As Random forests use many instances of DecisionTreeClassifier, they share many of the same
parameters such as the criterion (Gini Impurity or Entropy/Information Gain),
max_features, and min_samples_split.

Also, there are some new parameters that are used in the ensemble process:
    
    • n_estimators: This dictates how many decision trees should be built. A higher value will take longer to run, but will (probably) result in a higher accuracy.
    • oob_score: If true, the method is tested using samples that aren't in the random subsamples chosen for training the decision trees.
    • n_jobs: This specifies the number of cores to use when training the decision trees in parallel.

In [35]:
from sklearn.ensemble import RandomForestClassifier
clf = RandomForestClassifier(random_state=14)
scores = cross_val_score(clf, X_teams, y_true, scoring='accuracy')
print("Using full team labels is ranked higher")
print("Accuracy: {0:.1f}%".format(np.mean(scores) * 100))

Using full team labels is ranked higher
Accuracy: 60.2%


##### This results in an immediate benefit of 60.6 percent, up by 0.6 points by just swapping the classifier.
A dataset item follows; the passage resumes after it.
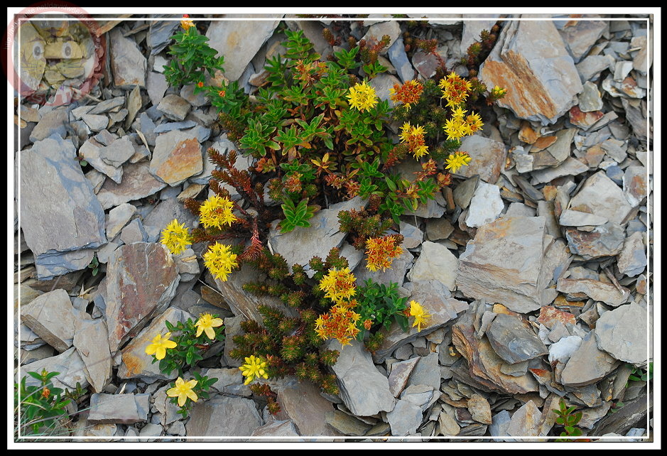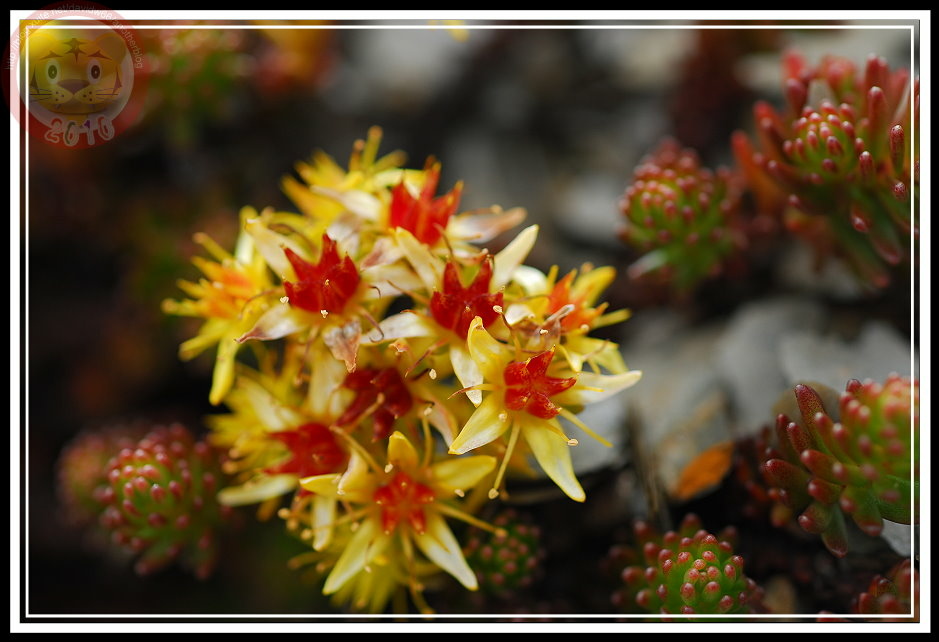 幾年前在昆陽停車的稜線碎石坡上就曾經見識過玉山佛甲草黃花的威力,我的眼光久久不能移開,唯有跨過公路,四足並用地趴在土坡上才能解癮。那時候,手上的機器青黃不接,用一部300萬像素的富士303拍,那照片要說是雞肋也可以。當時,我驚異的是,竟然在台灣的高山上有如此美麗的多肉植物,而且點醒我所知多肉植物多半是舶來品的認知。招九晚五的上班族沒住在山上,要欣賞野花狂野的綻放必須靠運氣,今年...算是「出大運」。玉山佛甲草不僅是「大發生」,在碎石坡上更是俯拾皆是,花開得連碎石坡都有氣質起來。

Random forests, using subsets of the features, should be able to learn more
effectively with more features than normal decision trees. We can test this by
throwing more features at the algorithm and seeing how it goes:

In [36]:
X_all = np.hstack([X_home_higher, X_teams])

In [37]:
clf = RandomForestClassifier(random_state=14)
scores = cross_val_score(clf, X_all, y_true, scoring='accuracy')
print("Accuracy: {0:.1f}%".format(np.mean(scores) * 100))

Accuracy: 61.1%


###### This results in 61.1 percent —even better!

In [38]:
parameter_space = {
"max_features": [2, 10, 'auto'],
"n_estimators": [100,],
"criterion": ["gini", "entropy"],
"min_samples_leaf": [2, 4, 6],
}
clf = RandomForestClassifier(random_state=14)
grid = GridSearchCV(clf, parameter_space)
grid.fit(X_all, y_true)
print("Accuracy: {0:.1f}%".format(grid.best_score_ * 100))

Accuracy: 63.0%


###### This has a much better accuracy of 64.2 percent!
If we wanted to see the parameters used, we can print out the best model that was
found in the grid search.

In [39]:
print(grid.best_estimator_)

RandomForestClassifier(bootstrap=True, class_weight=None, criterion='entropy',
            max_depth=None, max_features=2, max_leaf_nodes=None,
            min_impurity_split=1e-07, min_samples_leaf=4,
            min_samples_split=2, min_weight_fraction_leaf=0.0,
            n_estimators=100, n_jobs=1, oob_score=False, random_state=14,
            verbose=0, warm_start=False)


In [42]:
dataset[dataset["Home Team"] == "Utah Jazz"]["Date"].values[0]

numpy.datetime64('2016-10-28T00:00:00.000000000')

In [53]:
if dataset.loc[dataset['Home Team'] == ("Utah Jazz")]:
    print(dataset['Date'])
    

ValueError: The truth value of a DataFrame is ambiguous. Use a.empty, a.bool(), a.item(), a.any() or a.all().